↓
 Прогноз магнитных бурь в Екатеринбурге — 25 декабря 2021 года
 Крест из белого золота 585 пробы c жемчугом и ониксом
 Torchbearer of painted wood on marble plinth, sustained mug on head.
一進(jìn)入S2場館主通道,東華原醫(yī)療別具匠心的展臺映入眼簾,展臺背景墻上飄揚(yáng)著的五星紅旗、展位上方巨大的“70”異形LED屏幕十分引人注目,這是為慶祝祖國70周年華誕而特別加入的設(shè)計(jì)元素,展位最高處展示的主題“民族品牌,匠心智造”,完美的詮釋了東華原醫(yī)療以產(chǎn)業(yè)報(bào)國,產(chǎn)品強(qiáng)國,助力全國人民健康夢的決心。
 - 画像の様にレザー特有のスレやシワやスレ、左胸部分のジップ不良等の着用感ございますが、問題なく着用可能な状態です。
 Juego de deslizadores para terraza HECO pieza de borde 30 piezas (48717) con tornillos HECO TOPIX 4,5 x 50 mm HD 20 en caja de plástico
↑
■ WORK INSTRUCTIONS
Repeat the records exactly, leaving out none of them.

■ SOLUTION
 Прогноз магнитных бурь в Екатеринбурге — 25 декабря 2021 года
 Крест из белого золота 585 пробы c жемчугом и ониксом
 Torchbearer of painted wood on marble plinth, sustained mug on head.
一進(jìn)入S2場館主通道,東華原醫(yī)療別具匠心的展臺映入眼簾,展臺背景墻上飄揚(yáng)著的五星紅旗、展位上方巨大的“70”異形LED屏幕十分引人注目,這是為慶祝祖國70周年華誕而特別加入的設(shè)計(jì)元素,展位最高處展示的主題“民族品牌,匠心智造”,完美的詮釋了東華原醫(yī)療以產(chǎn)業(yè)報(bào)國,產(chǎn)品強(qiáng)國,助力全國人民健康夢的決心。
 - 画像の様にレザー特有のスレやシワやスレ、左胸部分のジップ不良等の着用感ございますが、問題なく着用可能な状態です。
 Juego de deslizadores para terraza HECO pieza de borde 30 piezas (48717) con tornillos HECO TOPIX 4,5 x 50 mm HD 20 en caja de plástico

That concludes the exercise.